Today the sun rose on a New General Motors, a move which will also see the sun set on a lot of people's careers. GM emerged from bankruptcy protection at 6:30 a.m. Eastern Time with news of a serious corporate restructuring plan that will take effect over the next few months.

Due to leadership (and in some cases arm-twisting) by the Obama Administration, the new GM, headed by CEO Fritz Henderson, is poised to return to its once-great status after shedding its debt and healthcare obligations by a massive $48 billion. Much of this comes as the UAW made serious concessions in accepting a new contract with the automaker. GM also hopes to significantly reduce its cash-burn after eliminating a third of it's dealership network. Additionally, the automaker looks to profit from the sale of the Saturn, Saab and Hummer brands, as well as through selling-off much of its stake in its European operations, including Opel to Canadian autoparts manufacturer Magna International.

"Today marks a new beginning for General Motors, one that will allow every employee, including me, to get back to the business of designing, building and selling great cars and trucks and serving the needs of our customers," CEO Fritz Henderson said in a statement.

Henderson's plan will see 6,000 (or 20 percent of) white-collar employees loose their jobs by October, with 35 percent of all executives being dismissed. Many executives will be cut from the company's old Automotive Strategy Board and Automotive Product Board, a complex, multi-tiered system of management which will be axed in favor of a small committee that will meet weekly to make decisions about the future of the company.

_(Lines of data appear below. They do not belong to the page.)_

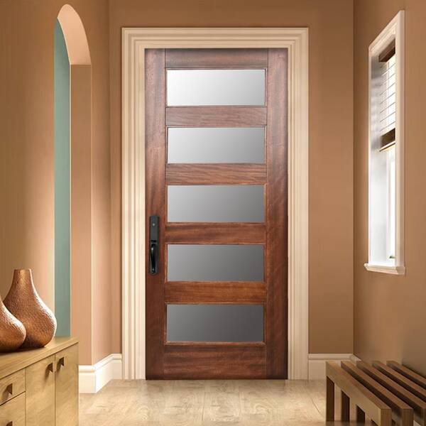 36 in. x 80 in. Deep Red-Brown Reversible Mahogany Patio Door Slab with Frosted Tempered Glass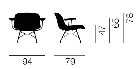 Avec accoudoirs : H 78 x larg.94 x Prof.79 cm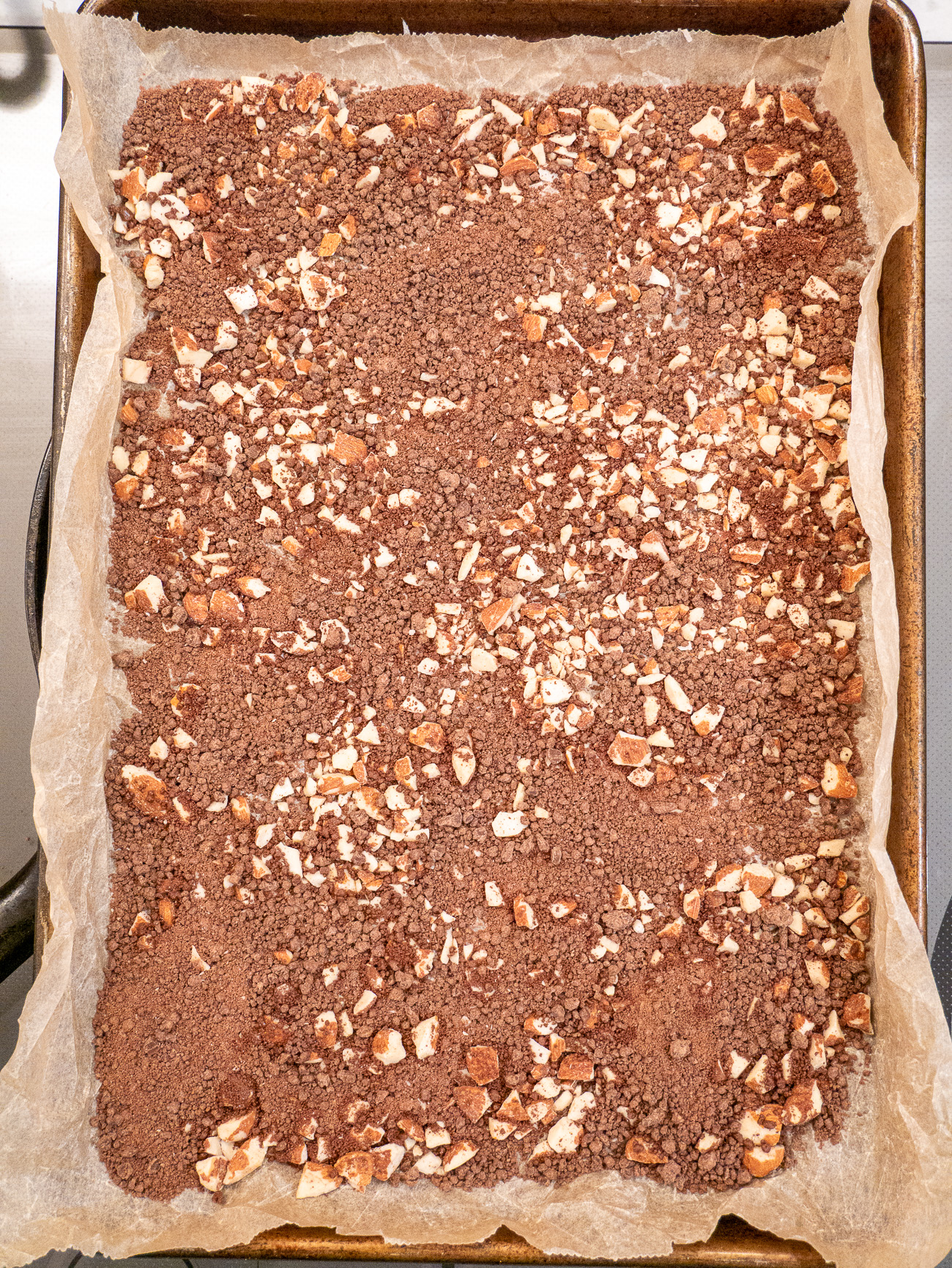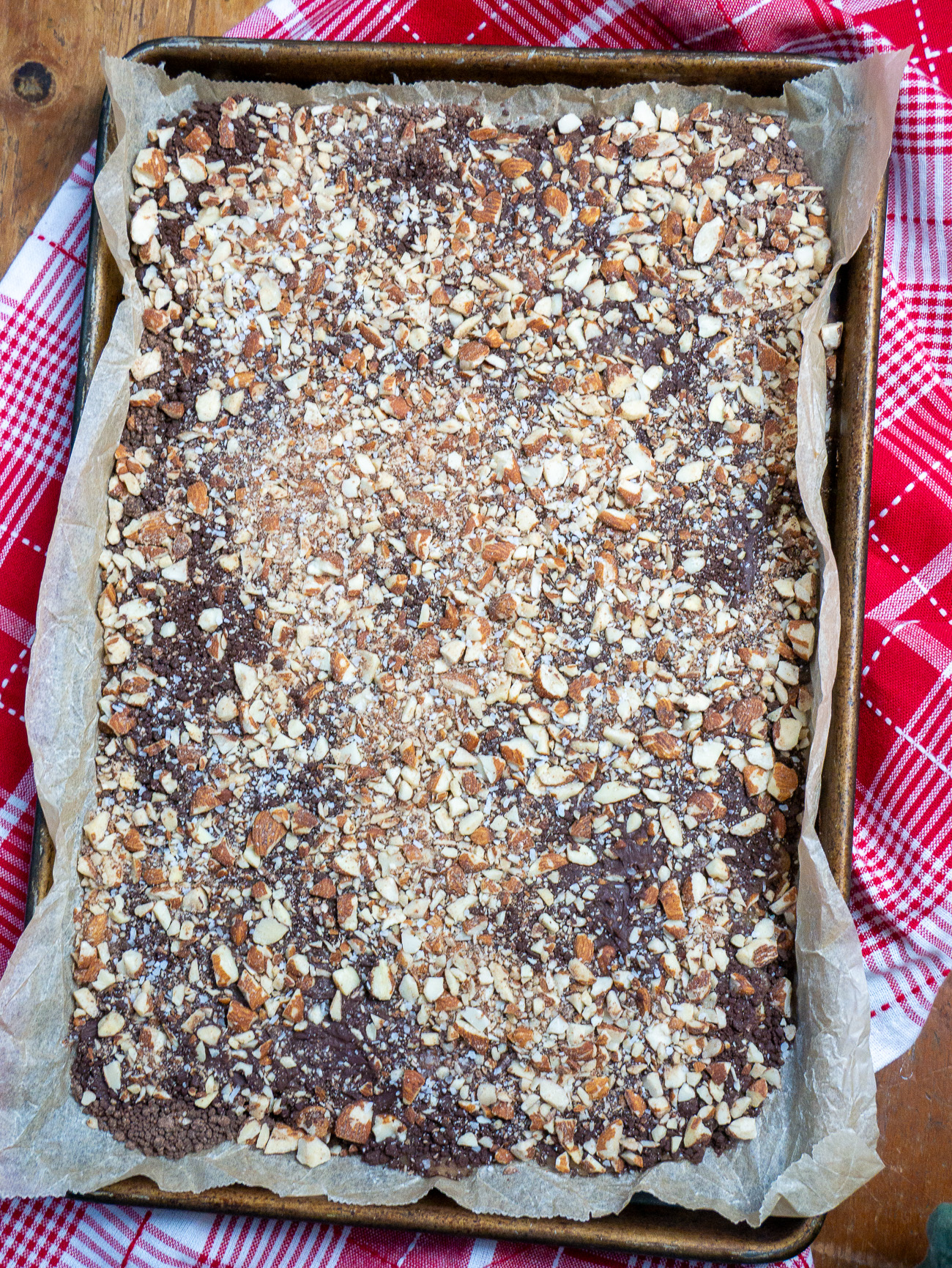 - Spread 1 cup of the almonds across the prepared jelly roll pan, then top with 1 cup of the chocolate. Set aside.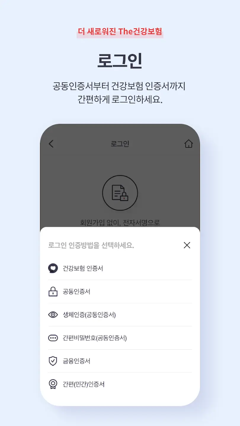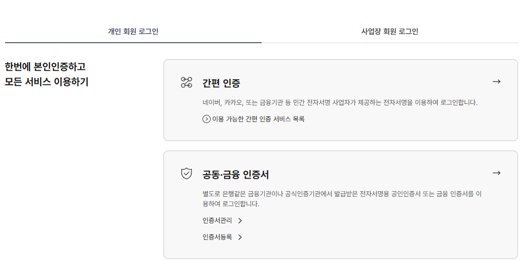 로그인 방식을 선택합니다. : 공동인증서 (구 공인인증서) / 간편 인증 (네이버, 카카오, PASS, 삼성패스 등)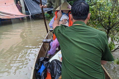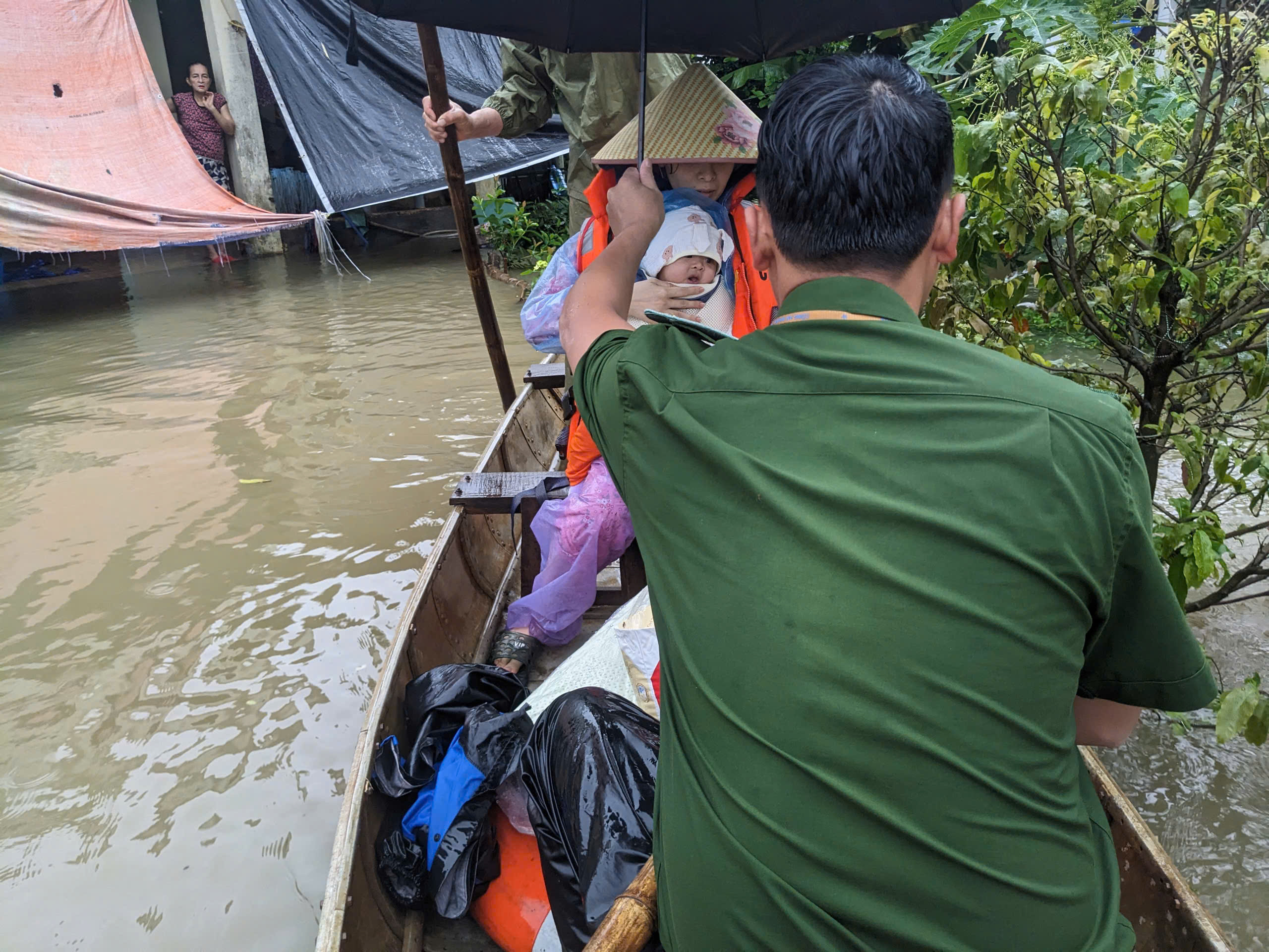 Bất chấp thời tiết mưa lớn, nước chảy xiết, cán bộ, chiến sĩ Công an xã đã dùng ghe vượt qua vùng ngập sâu để tiếp cận hiện trường, hỗ trợ đưa sản phụ cùng cháu bé sơ sinh ra khỏi khu vực nguy hiểm. Cảm động hơn, trong quá trình cứu hộ, một cán bộ Công an xã đã nhường áo phao của mình cho sản phụ, đảm bảo an toàn tuyệt đối cho hai mẹ con.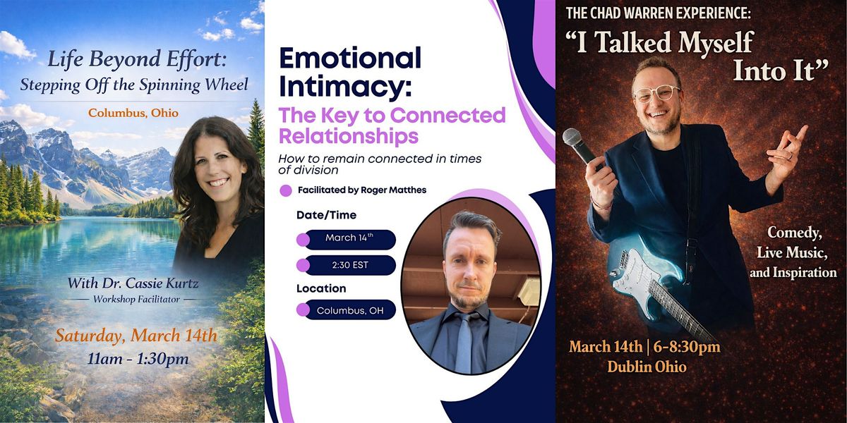 (6-8:30pm) The Chad Warren Experience: "I Talked Myself Into It" (Facilitator Chad Warren) - Part comedy, live music, and inspiration, Chad uses humor, stories, and original songs to explore the most important relationship you'll ever have-the one with yourself. Turns out, you've been bringing you into every relationship this whole time.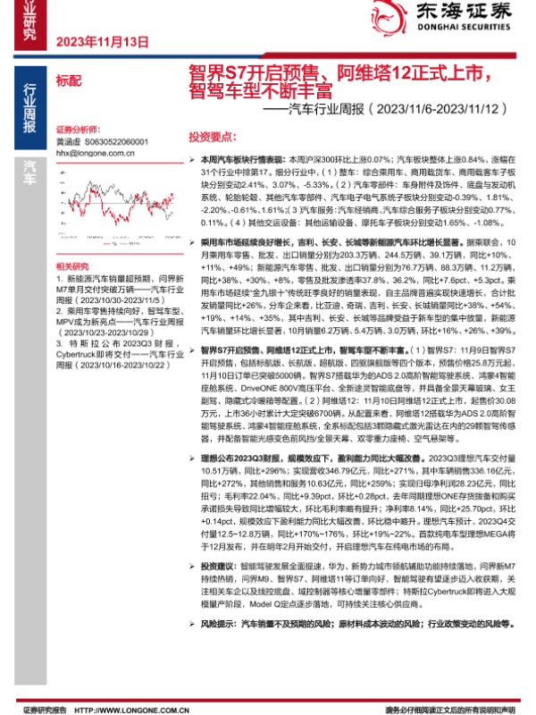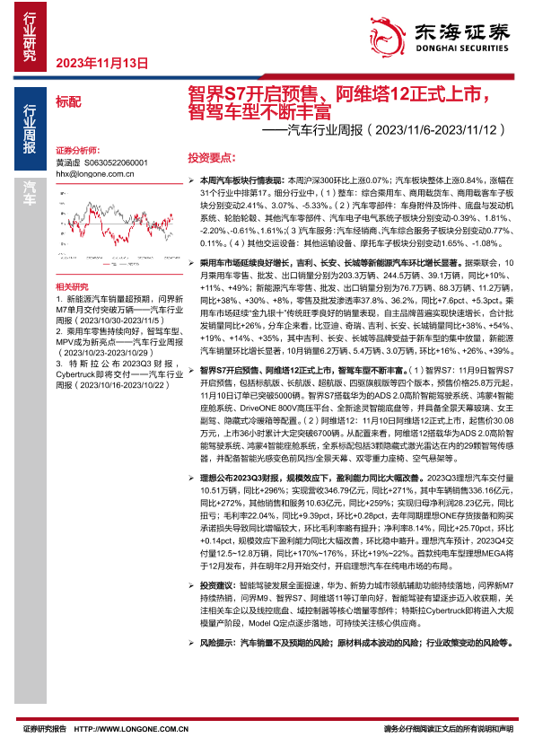 【东海证券】【20231113】智界S7开启预售、阿维塔12正式上市,智驾车型不断丰富-16页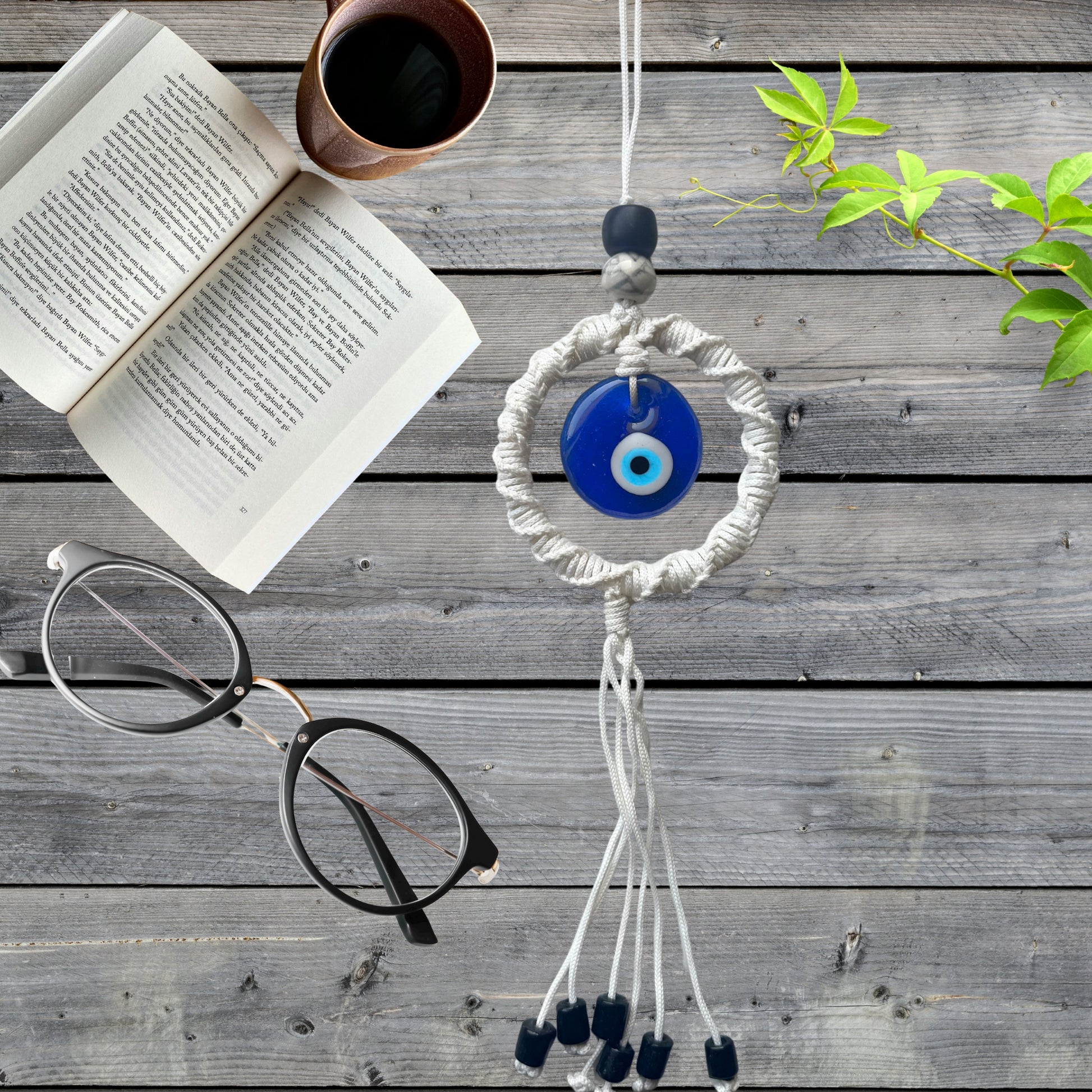 Handmade Macrame Evil Eye Wall Hanging: Boho Home Protection Amulet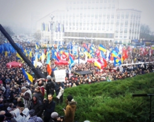"Українські патріоти, українська європейська площа вже заповнена, але наша колона ще іде Хрещатиком люди підходять і підходять. Прошу вас ставати щільніше"- наголосив він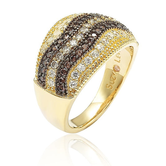 Suzy Levian Yellow Gold tone Sterling Silver Reddish Brown and White Cubic Zirconia Ring

Henderson says the move will cut those making the decisions at GM in half as the automaker focuses on its four key brands - Chevrolet, Buick, GMC and Cadillac.

Sales and Marketing will also no longer be under the leadership of one individual, as that part of the company is split. Sales will report directly to Henderson, who was unclear about what that meant for the current Sales & Marketing boss, Mark LaNeve. GM will also bring back veteran Bob Lutz to manage marketing, as well as design, brands and communications.

This will be a particularly vital role as GM looks to introduce a new line of vehicles into the marketplace to help re-brand the company. In total 10 new vehicles will launch in the U.S. in the next 18 months, with 17 overseas.

More: *New GM Emerges from Bankruptcy* on AutoGuide.com


----------



## GM4life (Mar 18, 2007)

That was quick and painful.


----------



## ppurfield001 (Jan 21, 2008)

Administrator said:


> Today the sun rose on a New General Motors, a move which will also see the sun set on a lot of people's careers. GM emerged from bankruptcy protection at 6:30 a.m. Eastern Time with news of a serious corporate restructuring plan that will take effect over the next few months.
> 
> Due to leadership (and in some cases arm-twisting) by the Obama Administration, the new GM, headed by CEO Fritz Henderson, is poised to return to its once-great status after shedding its debt and healthcare obligations by a massive $48 billion. Much of this comes as the UAW made serious concessions in accepting a new contract with the automaker. GM also hopes to significantly reduce its cash-burn after eliminating a third of it's dealership network. Additionally, the automaker looks to profit from the sale of the Saturn, Saab and Hummer brands, as well as through selling-off much of its stake in its European operations, including Opel to Canadian autoparts manufacturer Magna International.
> 
> ...





Well, at least one good decision was made with regards to KEEPING Bob Lutz as the Director of Product Development. Maybe Lutz can at least slow down the "weenie-ing" of GM that many politicians want, including the Messiah, and maybe Lutz can also convince GM that if all it does is make Prius-type vehicles, they are forgetting their "sweet spot" for some of us (GTOs, G8 GXP and GT, CTS-V, Camaros, ZO6 Vettes, etc.). There is room, after all, for a DIVERSE product line.


----------



## ScottieDogFLA (May 28, 2009)

It is indeed a new beginning... of the end.
The "good news" is not going to last.


----------